- Born: February 22, 1939 Brooklyn, New York
- Died: April 19, 2019 (aged 80)
- Citizenship: United States
- Occupations: Professor of Psychology and Women's Studies
- Spouse: Burton M. Unger
- Awards: APF Gold Medal for Lifetime Achievement in Psychology in the Public Interest (2007); AWP Distinguished Publication and Career Achievement Award (1994);

Academic background
- Alma mater: Brooklyn College; Harvard University

Academic work
- Institutions: Montclair State University; Brandeis University

= Rhoda Unger =

Feminist psychologist

Rhoda K. Unger (1939–2019) was a feminist psychologist known for her position at the forefront of female activism in psychology. Unger was strongly committed to promoting social justice within society and women in science. She was a professor of psychology at Montclair State College for almost thirty years and was granted the status of Professor Emerita in 1999. After her retirement, Unger was a resident scholar at the Women's Studies Research Center at Brandeis University.

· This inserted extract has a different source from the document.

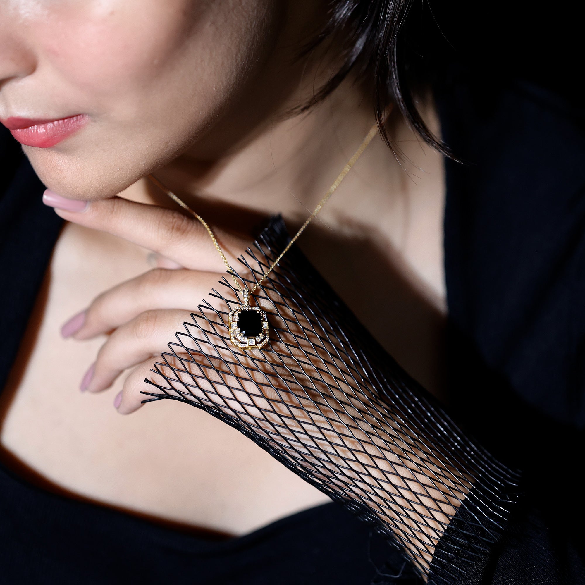 Upgrade your elegance with the enchanting Vintage Inspired Halo Pendant. The exquisite Octagon Cut Created Black Diamond, encircled by sparkling Moissanite stones, exudes vintage charm. Set securely in a Prong Setting, this necklace adds sophistication and allure to any outfit.

Unger was a pioneering figure in the Association for Women in Psychology (AWP), the Society for the Psychology of Women (American Psychological Association, Division 35), and the Society for the Psychological Study of Social Issues (SPSSI). She served terms as President of the Society for the Psychology of Women (1980–1981) and President of the SPSSI (1998–1999), and was the inaugural editor of SPSSI's journal Analyses of Social Issues and Public Policy.

== Awards ==
Unger and her colleagues Virginia O'Leary and Barbara Wallston were awarded the AWP Distinguished Publication award in 1985 for their book Women, gender, and social psychology. The AWP awarded Unger the Distinguished Career award in 1994 and subsequently established the Unger-Frieze Prize in 2009 in recognition of the early leadership of Unger and Irene Frieze in feminist studies.

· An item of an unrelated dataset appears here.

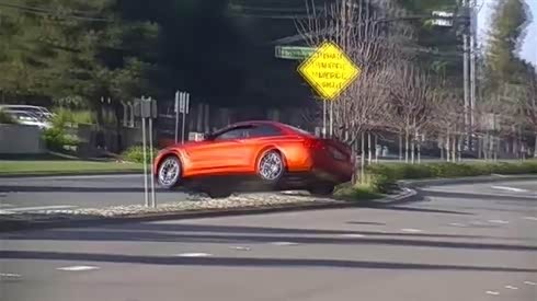 实拍得瑟宝马 BMW M4 失控翻越花坛

Unger was awarded the gold medal for Lifetime Achievement in Psychology in the Public Interest from the American Psychological Foundation in 2007.

== Biography ==
Rhoda Kesler Unger was born in Brooklyn, NY on February 22, 1939 into a working-class Jewish family. She received a Bachelor of Science degree from Brooklyn College, CUNY in 1960. She completed a master's degree in Experimental Psychology from Radcliffe College in 1964. She went on to complete a PhD in Experimental Psychology from Harvard University in 1966, under the supervision of Charles G. Gross.

Unger was an assistant professor at Hofstra University from 1966 to 1972. During this time, her interests shifted from physiological psychology to social psychology. She joined the faculty of Montclair State College in 1972 and she remained there until her retirement in 1999. Unger was a Fulbright Senior Scholar at the University of Haifa (1988–1989).

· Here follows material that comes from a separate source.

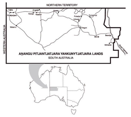 - Australian Bureau of Statistics. Region Data Summary: APY Lands (SA2) (406021138). Available online: https://itt.abs.gov.au/itt/r.jsp?RegionSummary®ion=406021138&dataset=ABS_REGIONAL_ASGS2016&geoconcept=ASGS_2016&measure=MEASURE&datasetASGS=ABS_REGIONAL_ASGS2016&datasetLGA=ABS_REGIONAL_LGA2018®ionLGA=LGA_2018®ionASGS=ASGS_2016 (accessed on 28 July 2020).

Unger married Burton M. Unger, April 11, 1966, and they had two children together. Unger died on April 19, 2019, in Concord, MA.

== Research ==
Unger's major field of inquiry was the psychology of women and gender, and the social construction of gender. Early on in her career, she co-edited the influential textbook Woman: Dependent or Independent Variable? with Florence Denmark and authored the volume Sex-Role Stereotypes Revisited: Psychological Approaches to Women's Studies, which provided a ground-breaking introduction to the psychology of women and sex-role stereotypes.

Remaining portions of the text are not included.